Left and Right

How Everything Became ‘Fascism’: Stanley Payne

December 8, 2022

Photo: A. Davey / CC BY-NC-ND 2.0

Fascism Comes to America: A Century of Obsession in Politics and Culture
By Bruce Kuklick
University of Chicago Press, 264 pages, $35

Speaking to a group of donors in Rockville, Md., in August, President Biden declared that support for Donald Trump constituted a kind of “semi-fascism.” It is the latest expression of a century-old tradition of Americans calling their political enemies fascists. In Fascism Comes to America, historian Bruce Kuklick provides the newest analysis—a brief but reasonably comprehensive survey of the bewildering variety of ways in which the “f-word” has been used in the United States during the past century, often in an attempt to distract from the real sources and contours of contemporary Western proto-authoritarianism.

Indiscriminate and ubiquitous usage to denigrate adversaries was made standard propaganda practice by the Soviet Comintern in 1923, but Kuklick’s focus is on American practitioners. The author, a retired professor at the University of Pennsylvania, employs an impressively broad lens that goes beyond politics and what passes for theory to culture and entertainment. This produces a thoroughly engaging work that, more than any previous account, reveals the bewildering range of usage and conjecture associated with the term in the United States.

“Fascism as epithet has little to do with fascism as historic reality.”

Kuklick recognizes at the outset that fascism, as an epithet, has little to do with fascism as a historic reality. His book isn’t a treatise in political history, but in the history of political language and images, accomplished with precision and insight. Its greatest achievement is to reveal for the first time the full extent, both chronologically and speculatively, of the rhetorical usage of the term in America. Its employment began earlier and its application has been yet more indiscriminate than even informed observers have been aware.
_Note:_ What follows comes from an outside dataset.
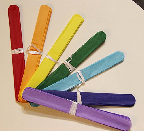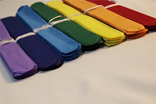 Seven colors perfect fro rainbow theme party.Each pom comes with one yard thin white ribbon for hanging. Ships flat, hanging string attached
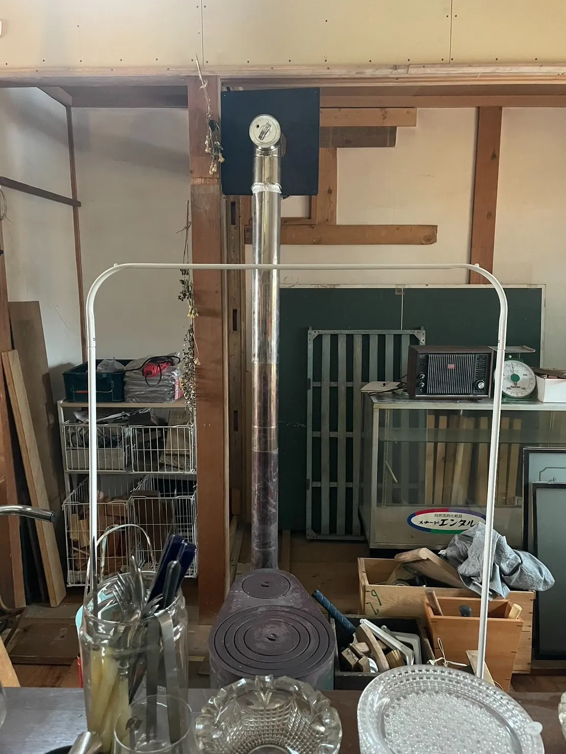元々はペチカ清掃のお話でお問い合わせを頂いたのですが、古道具屋としての一面も持っているお部屋で鉄板式の薪ストーブを使用されていました。

Initially, Italian Fascism received a warm reception from many American progressives. Polemical use emerged during the New Deal, and from the start in the 1930s, the f-word was thrown about more widely and indiscriminately than most of us have thought. Aside from Roosevelt himself, the most common lightning rod was Louisiana’s Huey Long, who first called FDR a fascist for the New Deal’s initial effort to coordinate big business and in turn was himself so termed for his radical populism. Then Long even applied the word to himself on a few occasions, though probably tongue-in-cheek. New Dealers applied the epithet to enemies, who hurled the word right back at them. The only common denominator was imprecision and vague polemics.